The first problem for Honda is that Section XVII, Note 2(b) says that "parts" for purposes of Chapter 87 does not include "parts of general use." The second problem is that parts of general use is defined to include fasteners of 7318. Thus, Honda can only win if the fastener is not also described in 7318. Unfortunately, the oil bolts, despite their name, satisfy the legal definition of screws of 7318.15.80 and nothing in the tariff language or Explanatory Notes excludes specialized or multifunction screws from classification in Heading 7318.
One interesting aspect of the decision is the Court's discussion of deference to Customs. Honda argued that Customs' decision was inconsistent with earlier rulings and, therefore, not entitled to deference. The Court looked at several prior rulings and distinguished them, effectively avoiding the deference question.
It strikes me that the distinctions are not very solid. For example, the Court says that in F88921, Customs said that the the washer in question did not appear to have the characteristics of parts of general use. Customs was probably wrong there. The issue of whether something is a part of general use has only to do with its tariff classification, not with whether it is generic versus dedicated to a specific use. I think the Federal Circuit might have done us a favor by looking at those ruling and saying they appear to be incorrect. The result would be that Customs' current inconsistent position would not be entitled to deference. But, that lack of deference would not have changed the result because the Court would have gotten there even without deferring to the agency decision. In other words, a lack of Skidmore deference does not necessarily produce a win for the plaintiff. It just makes the burden a little lower.
This is the kind of case we all hate to see. The underlying merits have to do with the tariff classification of conveyor belts. The question for our purposes is when may the Court grant summary judgment.
A bit of background may be in order. When a case is before a court, there are two types of questions: law and fact. The "evidence" provides answers to the factual questions. Evidence might consist of business records, testimony, product samples, or other information. Questions of law have to do with the proper interpretation of statutes (including the tariff schedule) and regulations. In the Court of International Trade, where jury trials are almost unheard of, the judge decides both questions of fact and law.

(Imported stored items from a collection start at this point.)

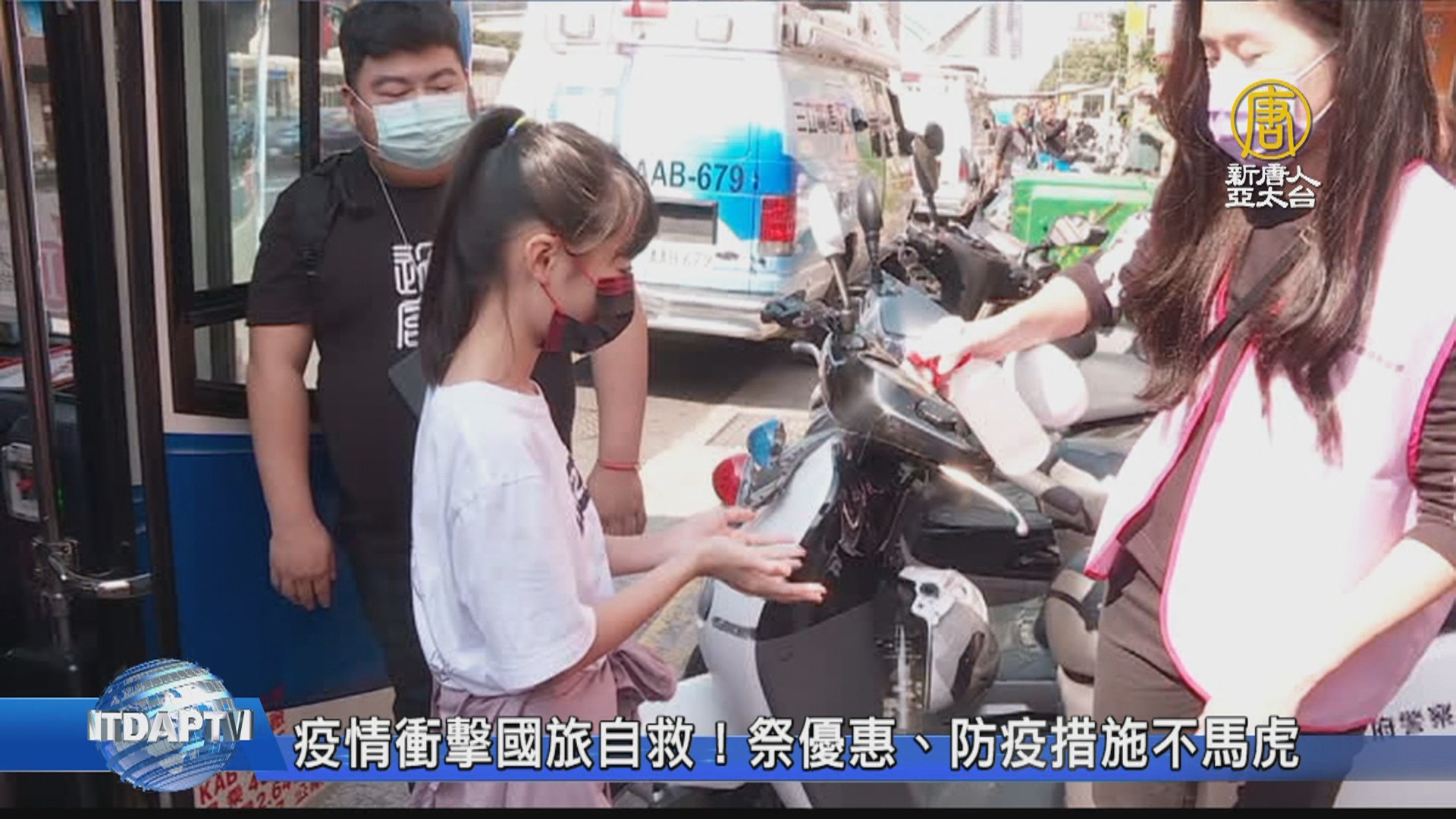 武漢(中共)肺炎疫情重創台灣觀光業,國旅出團人數大約掉了5成,虧損來到32億元。這回業者主打安心旅遊,乘客不只要繳交健康狀況聲明書、測量體溫,車內的椅背、手把消毒清潔,也要做到滴水不漏。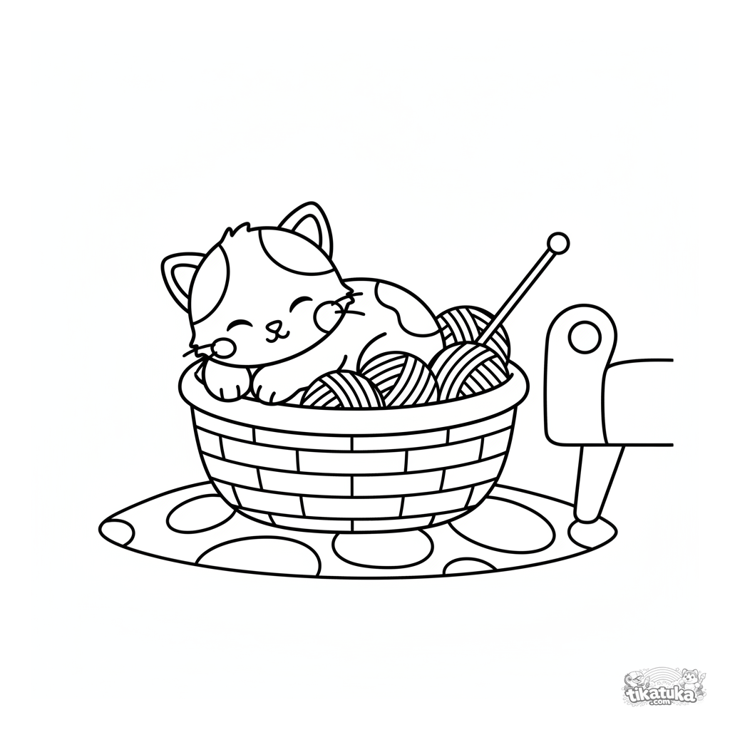 Página simple para colorear para niños pequeños 2-3: un gatito esponjoso duerme en una cesta de tejer con ovillos de hilo. Formas grandes.
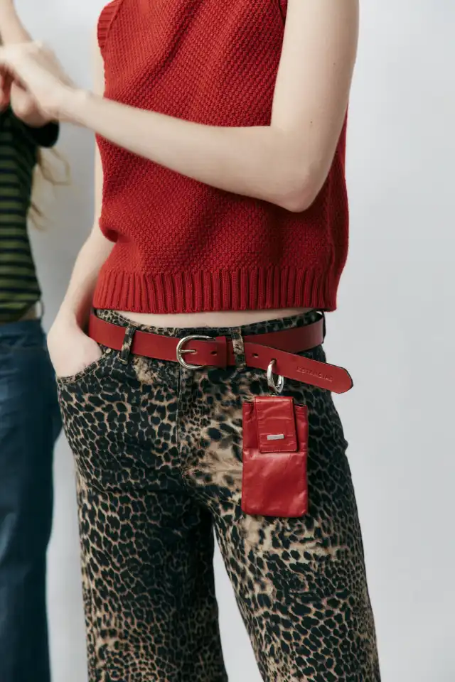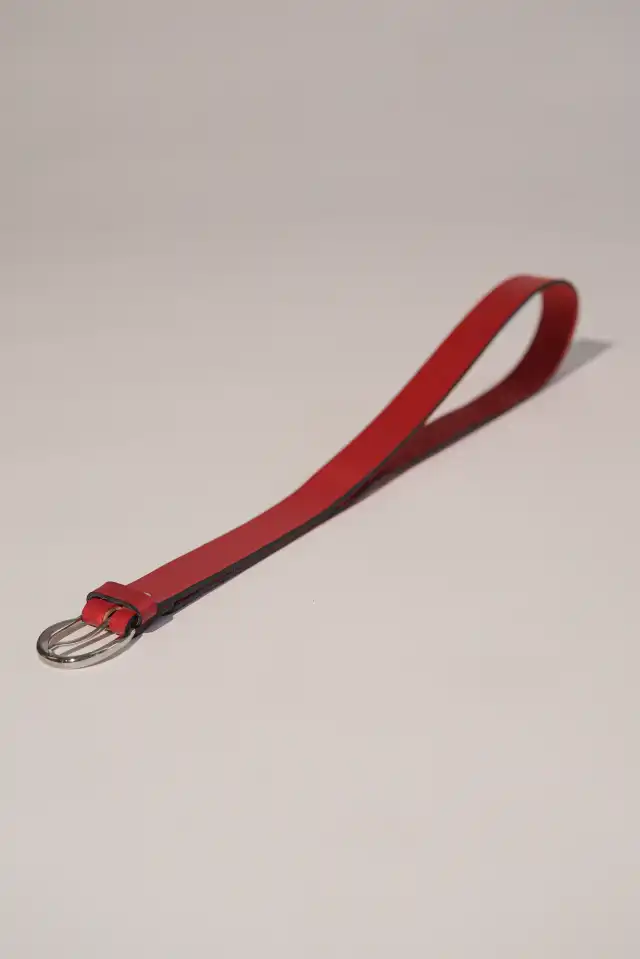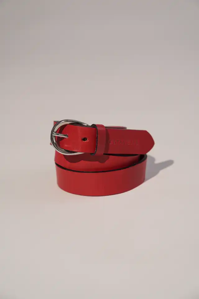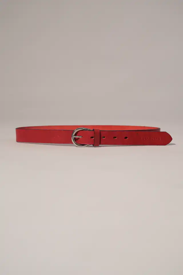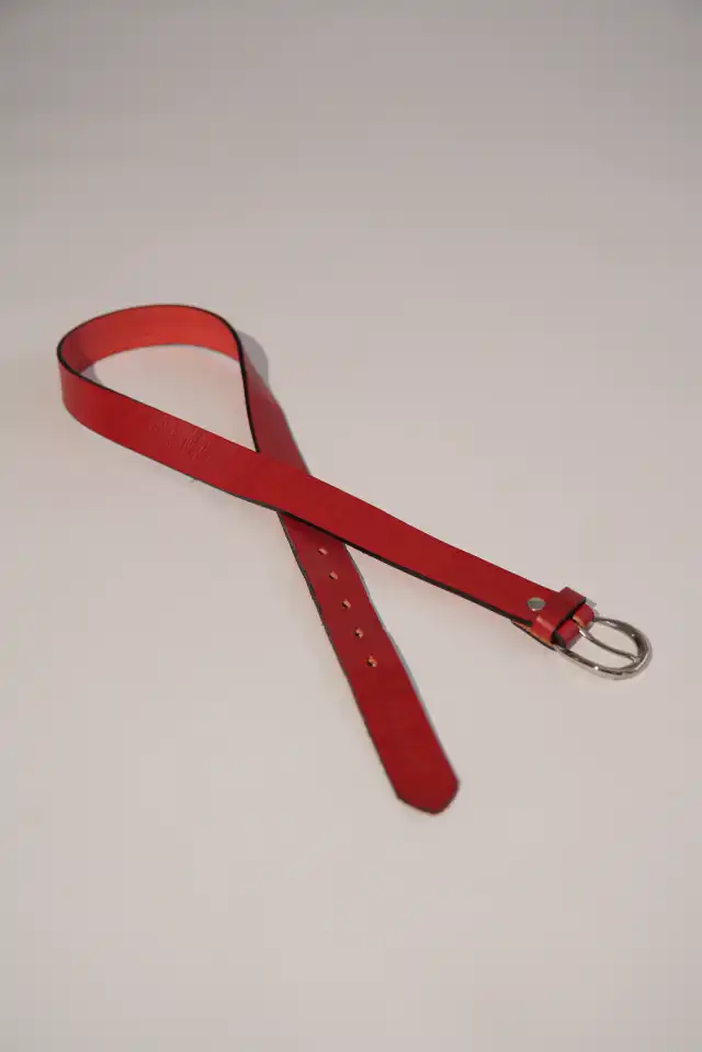 Cinturón rojo de cuero con hebilla de níquel.

In the typical classification case, there is usually no dispute as to the nature of the merchandise. That means there are often no material question of fact; only questions of law to be sorted out. If the only thing in question is the meaning of the law, either side can ask the court to issue a decision on summary judgment and, thereby, avoid the time and expense of a trial. As a guess, I would say that 95% of classification cases get resolved on summary judgment.

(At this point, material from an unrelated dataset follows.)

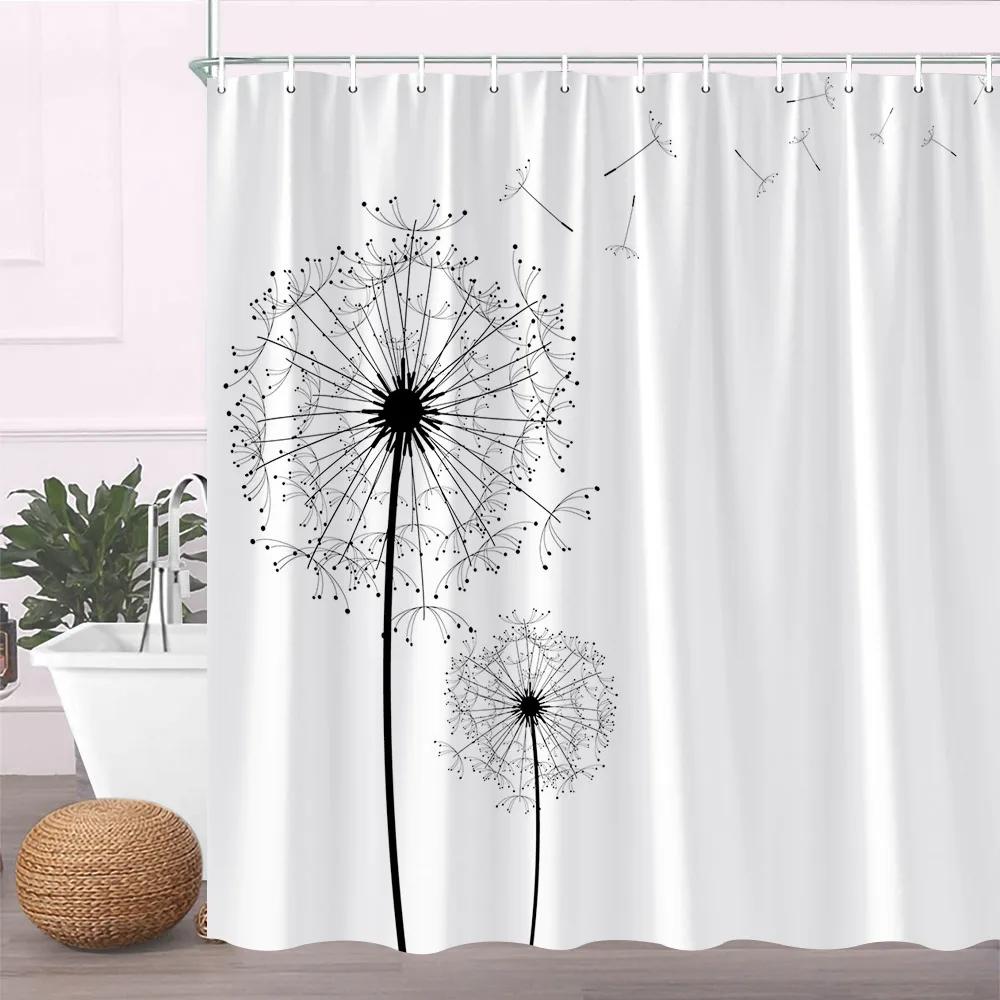 Bez ramy Zasłony prysznicowe z motywem roślin i kwiatów, Dmuchawiec, Akwarela, Motyl, Kwiatowy, Parawan do wanny, Akcesoria ogrodowe do łazienki, Zestaw, Domowy Dec

In this case, the plaintiff gave the government samples of some, but not all, of the merchandise at issue. Partially as a result of that decision, in its motion for summary judgment, the government argued that Sparks had failed to establish all the elements of its case. According to the government, that is grounds for summary judgment. Take note of that. The government's position is that if you seek summary judgment and fail to prove your own case, not only is your motion denied, but you lose the whole case.
That is contrary to what a lot of people might think. A simpler view would be that if you fail to prove your own case, then some question of fact remains for a trial. The proper result in that event would be for the judge to set the case down for trial. In other words, some people might think that a trial is the safety net under a weak motion for summary judgment.
Unfortunately, that is not the law. Remember, there are still no questions of fact. When a lawyer files a motion for summary judgment he or she is saying "Here are all the facts that matter, let's resolve this now." The risk is that the moving party has the burden of proof and failing to establish an essential element of the case on summary judgment is the same as saying it could not be proved at trial.. Thus, according to the Court of International Trade (relying on a Supreme Court decision called Celotex), "Summary judgment must be entered against a party who fails to make a showing sufficient to establish the existence of an essential element to its case."
Which brings us back to the samples. Spark did not put some samples into evidence. Samples are not required. But, in the absence of samples, the plaintiff will need testimony, business records, or other evidence to establish exactly what the merchandise is. Apparently, for some of the belting, Spark did not do that. As a result, the government simply sat back and said that Spark had failed to meet its burden of proof and, therefore, the government was entitled to summary judgment. The Court agreed.
On the classification of those products for which all the relevant facts were before the Court, one issue involved the proper application of legal Note 9 to Section XI, which is referenced in 5903.10.15. Another issue was whether there was sufficient evidence of the ability of the materials to bend around a 7 mm cylinder at the proper temperature. On these points, the government granted summary judgment to the government.